Below are some records. Set down exactly the line holding "Boucléstickningen ger denna" and every later line through the end, omitting the pictures.
(Information supplied)
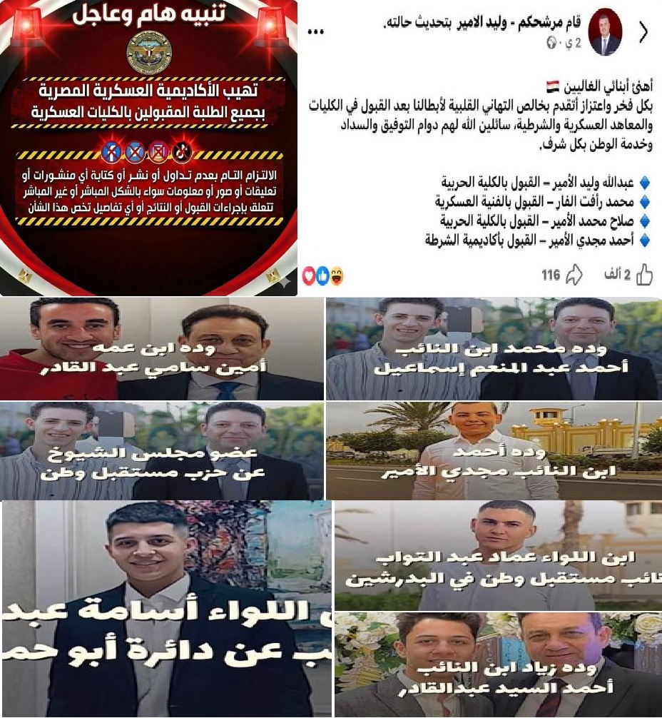 التهاني التي زفها المرشحون لنواب العسكر بقبول أبنائهم في الأكاديمية والسادة اللواءات كانت فاضحة ولذلك أصدرت (الأكاديمية العسكرية المصرية) الاسم الجديد لكلية الشرطة بالمقبولين من الطلاب (وبالتبعة أسرهم) نشر أي شيء يتعلق بنتائج القبول أو حتى الاجراءات التي أوصلتهم إلى نجاح الالتحاق بالكلية، وهو ما فسره مراقبون على مواقع التواصل الاجتماعي بأنه محاولة لملمة الفضائح بالانقسام الشعبي بين فئة كان عنوانها المحددات السالفة.
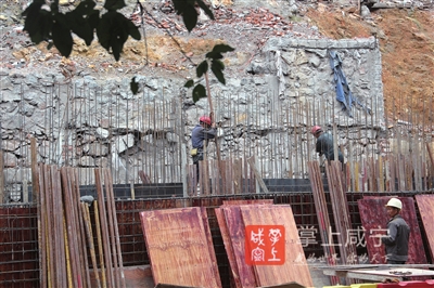 昨日,施工人员正在对城区月亮湾路一处山体进行生态修复。据悉,该工程拟投资230万元,属“两山一河”环境整治项目的一部分。目前正在进行的地基修复,主要是为防止山体滑坡,后期将对山坡实行绿化和亮化。 王奇峰 虞聪/摄
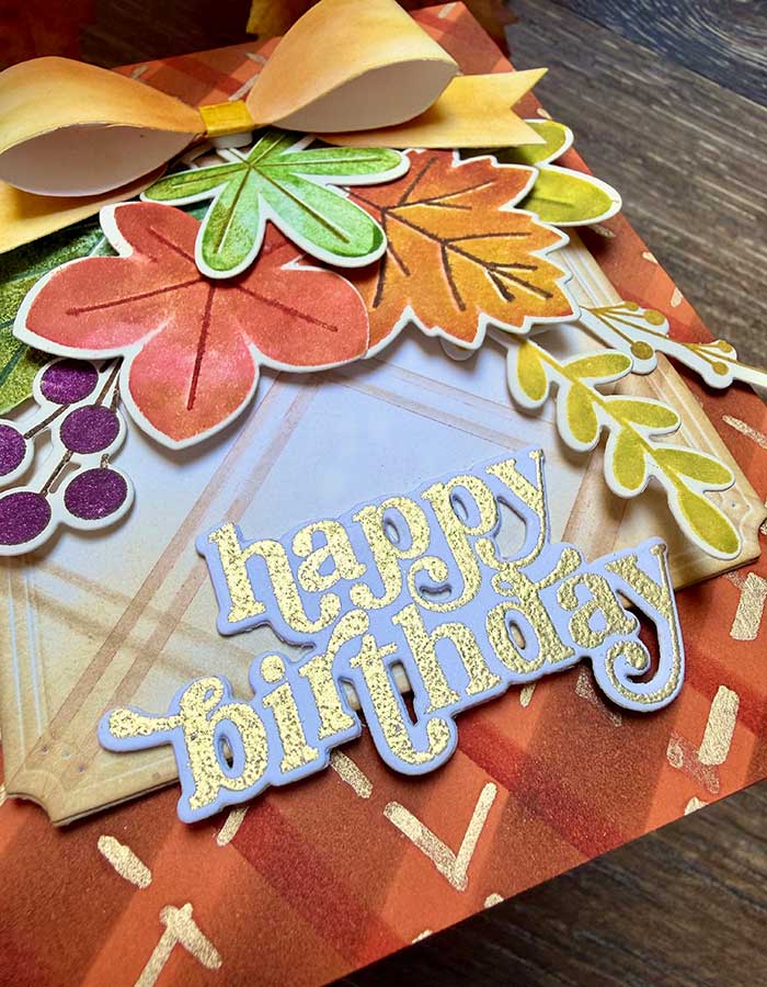 This card all started with the thought of creating a present within the card and making it an Autumnal design. With that in mind, I wanted to create the ‘present’ with a bounty of leaves and a beautiful bow.
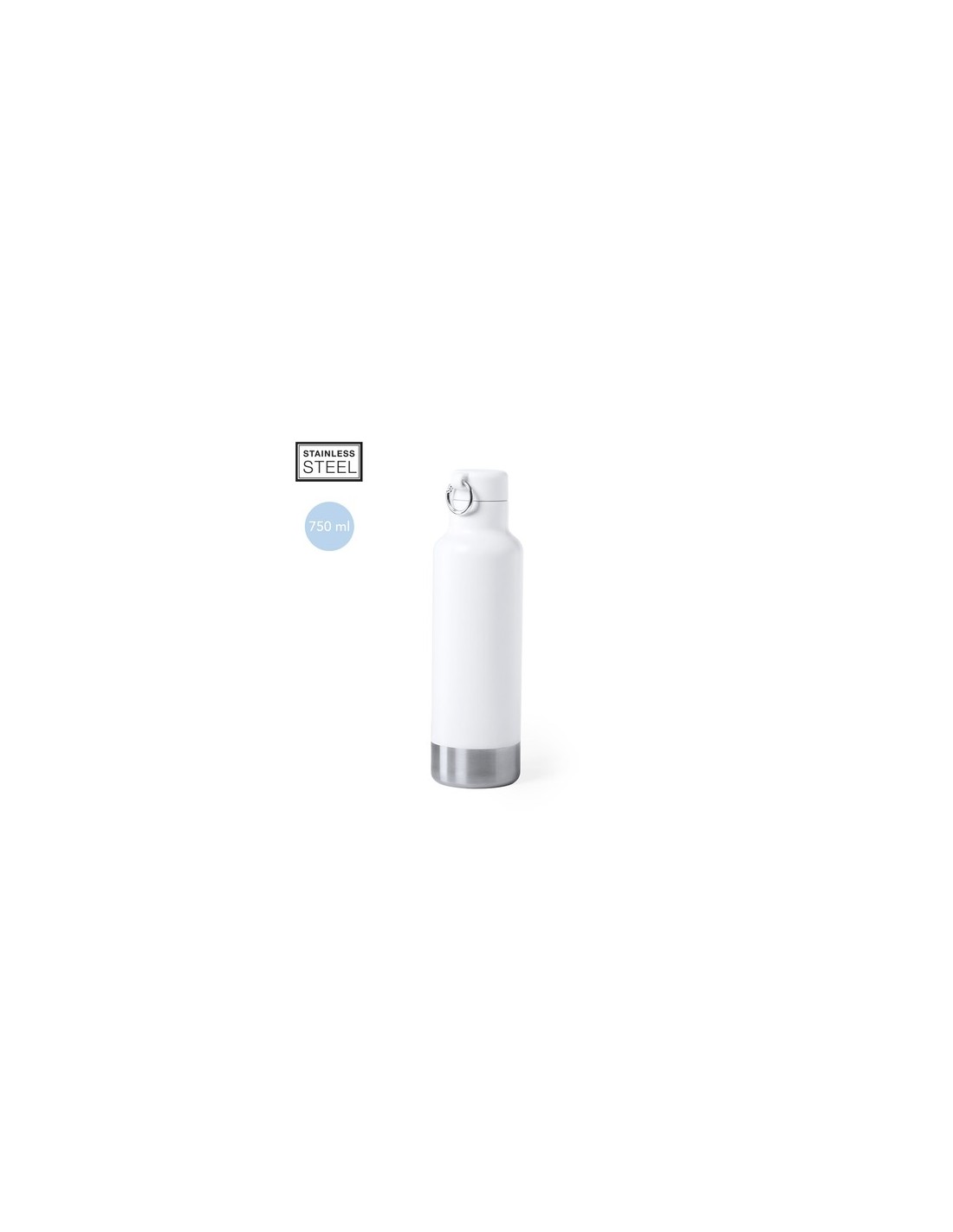 Bidón en alta calidad y de gran capacidad -750 ml-. En acero inox, con tapón a juego y anilla de transporte. Base en elegante acabado inox y disponible en elegantes colores blanco y negro. Presentado en atractiva caja de diseño Disponible manual de instrucciones en español e inglés. 750 ml Composition : Acero Inox.
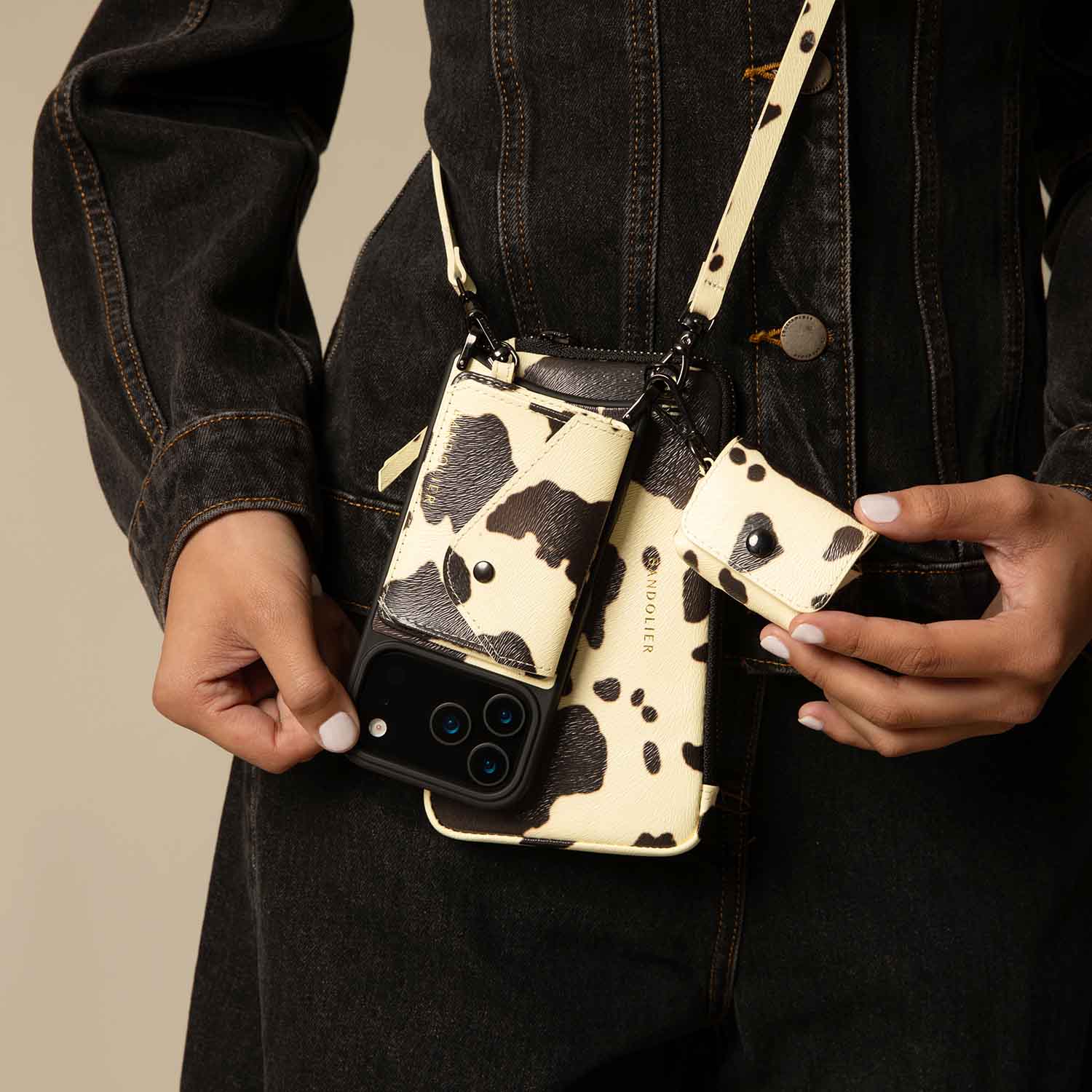 Meet The Remi Essentials Set — the most advanced Bandolier crossbody phone case, plus expanded pouch and AirPods set in a cow inspired print. From detachable wallet to wireless ease, Remi is made to move with modern life. Store your sunglasses in our spacious expander pouch, add your go-to cards in her iPhone wallet pocket and keep your AirPods always within reach.
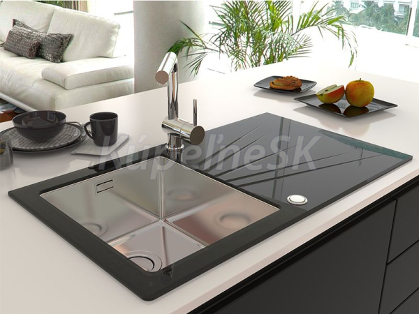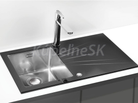 >>  KUCHYNE - Kuchynský tovar  >>  Kuchynské drezy  >>  Sklenené drezy  >>  Alveus KARAT UP 10 vstavaný nerez/sklo drez 860x500x195 mm,Čiernyasifón Push Pop-up Ľavý
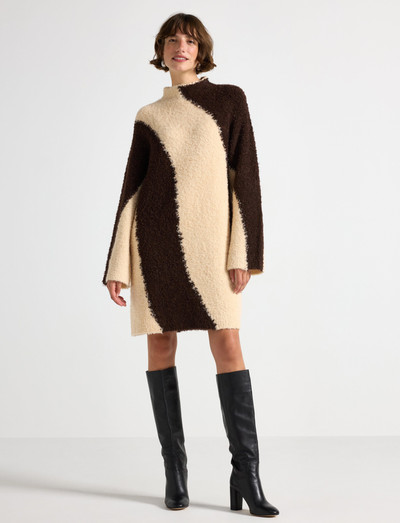 Boucléstickningen ger denna miniklänning en texturerad look. De långa ärmarna och den höga halsen gör den till ett bekvämt val för kyligare dagar.
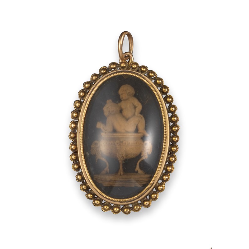 An early 19th century boxwood pendant attributed to Giuseppe Bonzanigo (1745 - 1820), depicting two putti in boxwood on ebonised wood ground, glazed and in gold surround, 4.2cm high
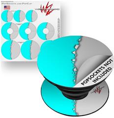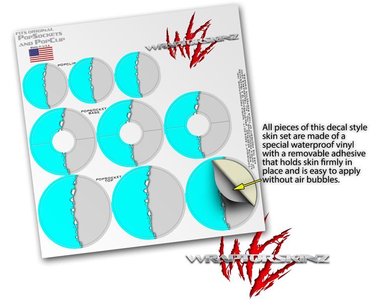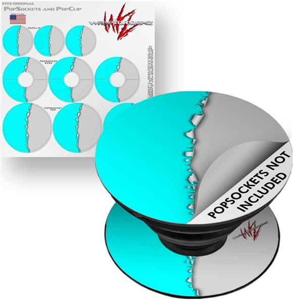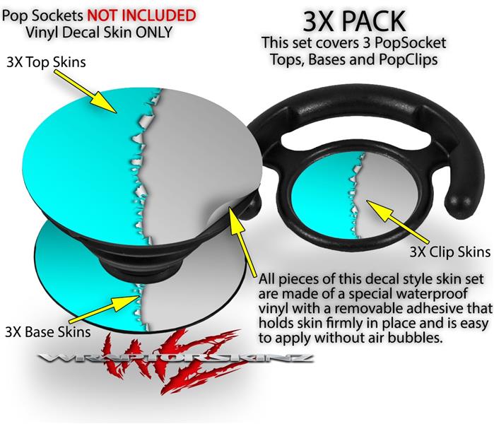 Decal Style Vinyl Skin Wrap 3 Pack for PopSockets Ripped Colors Neon Teal Gray (POPSOCKET NOT INCLUDED)
(End Information supplied)
> _Written response_
 Boucléstickningen ger denna miniklänning en texturerad look. De långa ärmarna och den höga halsen gör den till ett bekvämt val för kyligare dagar.
 An early 19th century boxwood pendant attributed to Giuseppe Bonzanigo (1745 - 1820), depicting two putti in boxwood on ebonised wood ground, glazed and in gold surround, 4.2cm high
 Decal Style Vinyl Skin Wrap 3 Pack for PopSockets Ripped Colors Neon Teal Gray (POPSOCKET NOT INCLUDED)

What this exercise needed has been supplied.